Let this be the day that you change your password practices. On December 24th, 2011, Anonymous, the group of hackers that includes anyone who chooses to adapt that label, announced that they had broken into the servers of the defense intelligence organization Stratfor. Despite Anonymous’ belief in a vast military-industrial-government conspiracy, Stratfor is merely a think tank that researches and reports on global hot spots and events.
It is very important for everyone reading this to re-learn security 101. Anonymous has posted complete credit card records of those who subscribe to Stratfor’s publications, and 28,517 email addresses and cracked passwords. Reading through those lists is very educational. Well known security experts, executives at major networking companies, industry analysts, and government contractors have all had their passwords published on the text-file sharing site pastebin.com.

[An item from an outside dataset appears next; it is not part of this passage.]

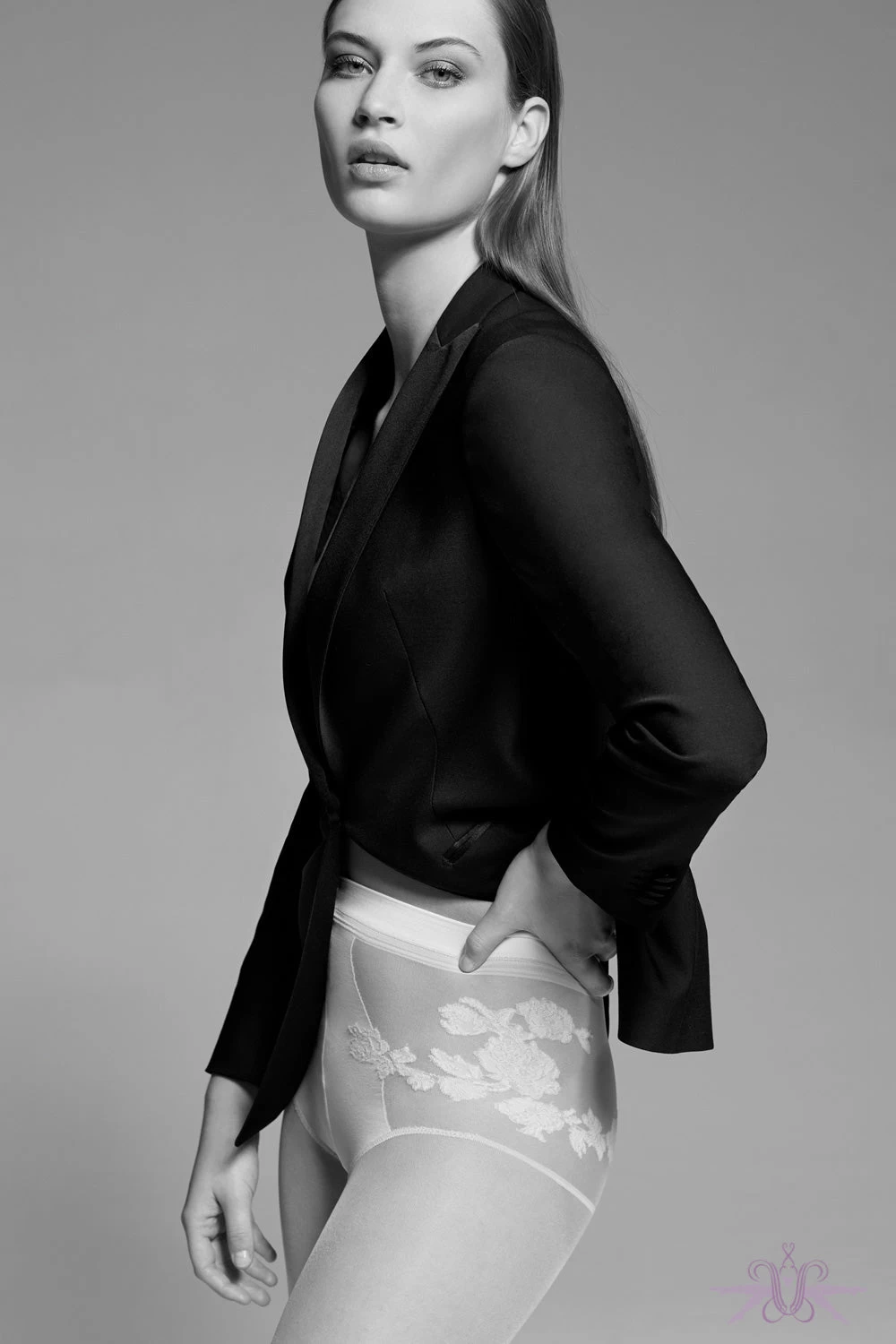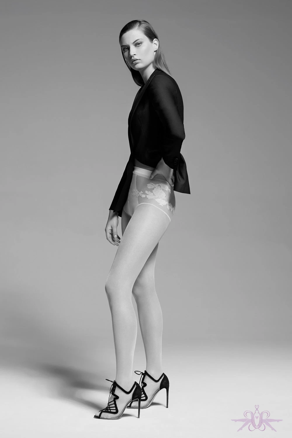 A sumptuous pair of sheer tights with a beautiful classy panty section which is embellished with floral decorations. These 20 denier tights are perfect for all year round. Available in black, nude or (plombe) pewter.

A cursory glance reveals the corporate email addresses and simple passwords from :
Cisco: 5 employees – including a high ranking executive who used a date for his password.
Juniper: Only 1
Gartner: 4 industry analysts
IBM: 8 employees
Raytheon: 12 employees
The passwords revealed are an abject lesson in password strengths. Do you really think adding a number to the end of a word makes it a better password? optimus2, compaq23, Satellite1, kate29, magic78, chance10 were all easily cracked. Not to mention those that used: password, stratfor, chickens, bamboo, mentor, fishhead, trophy, chicago, or the lovely “kisses” or the beguiling “lovecakes”.

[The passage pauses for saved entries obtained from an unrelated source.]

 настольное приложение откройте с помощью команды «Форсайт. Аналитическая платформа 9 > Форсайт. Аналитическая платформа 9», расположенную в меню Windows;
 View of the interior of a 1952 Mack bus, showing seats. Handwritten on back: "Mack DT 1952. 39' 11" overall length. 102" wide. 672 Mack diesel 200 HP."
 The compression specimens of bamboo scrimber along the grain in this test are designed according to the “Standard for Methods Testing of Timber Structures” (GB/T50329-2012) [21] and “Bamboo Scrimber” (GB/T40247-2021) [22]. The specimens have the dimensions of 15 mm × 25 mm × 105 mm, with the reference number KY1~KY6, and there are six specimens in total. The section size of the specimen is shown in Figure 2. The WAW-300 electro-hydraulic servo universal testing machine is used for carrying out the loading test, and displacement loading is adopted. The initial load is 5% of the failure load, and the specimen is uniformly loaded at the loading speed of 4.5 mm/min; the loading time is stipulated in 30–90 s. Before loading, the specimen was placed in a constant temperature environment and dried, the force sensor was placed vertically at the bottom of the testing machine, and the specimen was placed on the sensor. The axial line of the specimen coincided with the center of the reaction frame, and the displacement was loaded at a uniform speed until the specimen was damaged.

What about non-words like “1qaz2wsx” ?(type it, you will see the easy to remember pattern on your keyboard) Those do not work either.
What about number substitution for vowels? Easy to crack, as the guy who used n0m3ncl8tur3 has discovered.
How about special characters? Slav85! ,stratfor!, Cal!985, Godzilla!, Sith31!, redsox#1, 1q2W#E, all fail.
1. It is no longer even remotely OK to use simple passwords. Even so called “throw-away” accounts can lead to embarrassment for you or your organization. Do you really want your co-workers and the press to know that you used your birthday/pet’s name/football team as your password? ( I experienced this when Gawker was hacked in a similar event in 2010. Look it up to see my stupid password.)
2. Change the password to your email account on Google, Yahoo, Hotmail, today. Make it really strong.
3. NEVER reuse a password. Sorry but it has come to this. Yes, you will have to write them down or store them in a digital safe on your computer or phone. Only a truly determined hacker (or your spouse/boyfriend/teenage kid) will attempt to hack that.
4. Turn on two factor authentication with your email provider. Google and Yahoo provide a service that uses SMS messages to your phone to log into your account from a new computer. Use it.
5. Only do online banking with banks that provide strong two-factor authentication.
Now for those that collect credit cards and account information on their Internet facing servers.
Lessons for web site owners re-learned from Stratfor:
1. Use a password for your databases. Apparently Stratfor had no password protection for their SQL database.
2. Do not use the default password hash algorithm that comes with your CMS or Unix library. There are vast dictionaries of hashed passwords online. Once a hacker has stolen your password list they can look up any hash in these dictionaries or run simple tools to brute force them. Research and deploy salted hash algorithms. They make the job a lot more difficult for the hacker. Best practice: encrypt those passwords! And secure the keys.
3. Do a complete security review. Things have changed since you set up your Internet presence in 1995 or 2005.
The most painful lesson the Stratfor hack is about to demonstrate is the importance of email security. The Anonymous member who appears to be taking the lead in this attack against Stratfor has already posted to reddit.com that they will be recruiting volunteers to analyze the 3.3 million emails they stole from Stratfor. These emails have the potential for embarrassment and real harm that could equal the infamous State Department leak.
One last point. A quick scan of the 28,517 leaked email addresses reveals the conspicuous absence of any addresses belonging to .gov and .mil. Were there none, or does Anonymous have plans for those?
My only prediction for 2012: it is going to be a very interesting year.
Updates: More analysis of the leaked data provided by Mike Lennon at SecurityWeek, thanks to Identity Finder.
Dazzlepod has posted a search tool to determine if your own email address is in the leaked Stratfor database. You can also search by domain.
On December 29, Anonymous posted 859,311 email addresses, 68,063 credit card numbers, 50,618 addresses, and 50,569 phone numbers. Analysis posted here by IdentityFinder.
The latest list of leaked Stratfor emails does include .mil and .gov addresses.
Jan 3 update: Dazzlepod has added all 860,000 leaked accounts to their searchable database.
Steve Ragan at the Tech Herald has cracked and analyzed 10% of the passwords.